Question

A diseased man marries a normal woman. They have three daughters and five sons. All the daughters were diseased and the sons were normal. The gene of this disease is -

• A. sex-linked recessive
• B. sex-linked dominant
• C. autosomal dominant
• D. sex-limited character

Answer 1

The correct option is B

sex-linked dominant

The correct option is B.

Explanation of correct option:

1. Daughters receive one X chromosome from each parent.
2. Here, all the daughters are diseased. Hence, the condition is an X-linked disease.
3. The father is diseased and therefore he will transmit the affected allele to the daughters. However, the mother is normal and doesn’t carry an allele for the disease.
4. Since the gene of the disease is expressed in the heterozygous condition, it is a sex-linked dominant gene.

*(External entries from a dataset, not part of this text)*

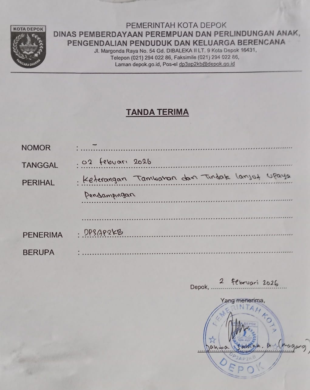 Saat ditemui, rekan korban menjelaskan bahwa korban telah mengirimkan surat perihal keterangan tambahan kepada Kadis DP3AP2KB Kota Depok, seraya menunjukkan bukti tanda terima, yang artinya, surat korban telah diterima oleh pihak dinas sesuai prosedur operasional standar administrasi pemerintahan.
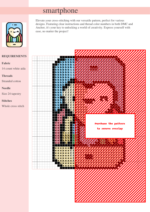 Stitch up a stylish statement piece with our Smartphone Cross Stitch Pattern! This charming design cleverly blends modern technology with the timeless art of cross-stitch, offering a unique and quirky project for crafters of all skill levels. The pattern features a detailed depiction of a smartphone, perfect for adding a tech-inspired touch to your home decor, phone cases, or even pillows. This isn’t your grandma’s cross-stitch! The easy-to-follow instructions include a comprehensive color key using both DMC and Anchor thread numbers, ensuring a smooth and enjoyable stitching experience. This two-page pattern utilizes clear, easy-to-read symbols for quick reference and lists all required DMC and Anchor thread codes, minimizing guesswork and maximizing your stitching satisfaction. The design is both modern and nostalgic, perfect for adding a personalized touch to your handmade gifts or home decor. Download your instant PDF pattern and unleash your creative potential. Suitable for beginners and experienced stitchers. Ideal for adding a unique and personalized touch to your home, gifts, or tech accessories. Finished project size details [add finished size here if available].
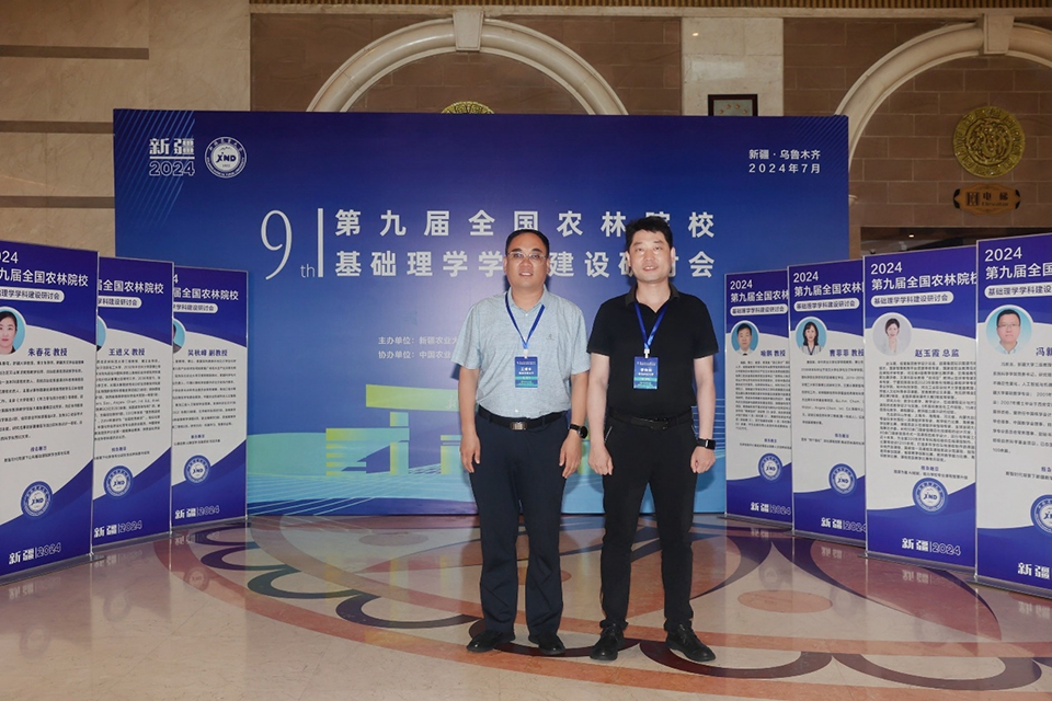 为全面贯彻落实党的二十大精神和习近平总书记关于教育、农业强国和乡村振兴的重要论述,深入开展学习贯彻习近平新时代中国特色社会主义思想主题教育,推进课程思政全面融入数理化等基础理科课程教学,加快推进新农科背景下基础理学学科(专业)建设,实现基础理学学科与农林学科深度交叉融合,全面提高人才培养质量,更好地发挥基础理学学科(专业)在知农爱农新型人才培养中的基础性作用,由新疆农业大学主办的“第九届全国农林院校基础理学学科建设研讨会”于2024年7月25日-7月29日在新疆维吾尔自治区乌鲁木齐市召开,学院李帅帅教授、王修中教授参加此次研讨会。

Explanation of incorrect option:

Option A:

1. X-linked (sex-linked) recessive disorders mostly affect males since males are homozygous for the trait. Example: Colorblindness.

Option C:

1. In autosomal dominant disorders, the presence of one copy of the affected allele can cause the disease. It occurs due to mutation in autosomes. Example: Achondroplasia.

Option D:

1. Sex-limited genes are present in both sexes but it is expressed in members of only one sex. For example, premature baldness affects males.

Final answer:

A diseased man married to a normal woman has all diseased daughters but normal sons. The gene of this disease is sex-linked dominant.